I think the thing is, people have a dog they want rid o, if they were going to give it free, why not to a rescue where the right people can get her? And surely you would ask lots of questions, you would want to know she was going to eb happy.
It's easy to lie when you're giving a free dog away. Rescue's cant really though, if they re-home a dog that's no good with children to a home with children the dog will likely end up back in rescue.

Now that I have my son I don't deal with 'free to good home' dog's anymore, but I used to call them up, and if they didn't want to know anything about me, or seemed like they didn't have a care where the dog went, I'd take him, get vaccs done, health check and train him up a bit then through the old local rescue, find him a home without him having to go into kennels.
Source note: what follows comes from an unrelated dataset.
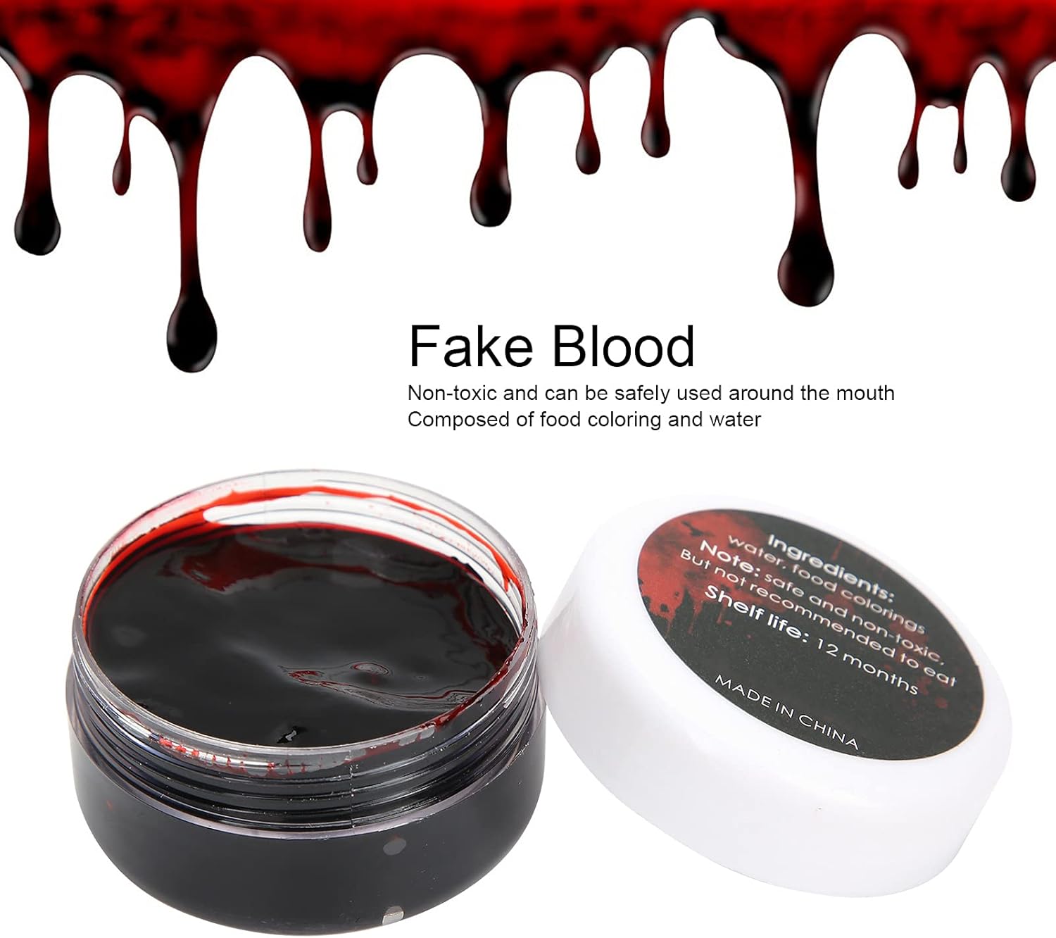 Crea un trucco spaventoso naturale e autentico. Presenta un colore rosso sangue incredibilmente vibrante che sembra la cosa reale. Non tossico, delicato sulla pelle, non irritante, ecologico, può essere applicato direttamente sulla pelle. Adatto per feste di Halloween, case infestate e ovunque per ricreare una scena horror. Non tossico e può essere tranquillamente utilizzato intorno alla bocca. Composto colorante alimentare e acqua. per feste di Halloween, cosplay, giochi di ruolo, carnevali, festival o effetti speciali di programmi TV.

(sorry for long post! but with children you need to be careful)

x


----------



## blackjack11 (Dec 27, 2008)

Dogs from rescues are not expensive, only about £150 donation, which is nothing when you think of all the time and care the rescue gives, so if you do decide to get a rescue dog, give a bit more they are always grateful.


----------



## birdy187 (Feb 11, 2009)

like i said i dont mind donating and giving a neglected dog a new home i would luv that to see a sad dog happy again is rewarding, i have experience, my auntie and uncle used to breed american pitbulls afew years back and my parents had two staffs when i was living with them and i had a staff, even though we are looking for a smaller dog now cause of our 3year old daughter...


----------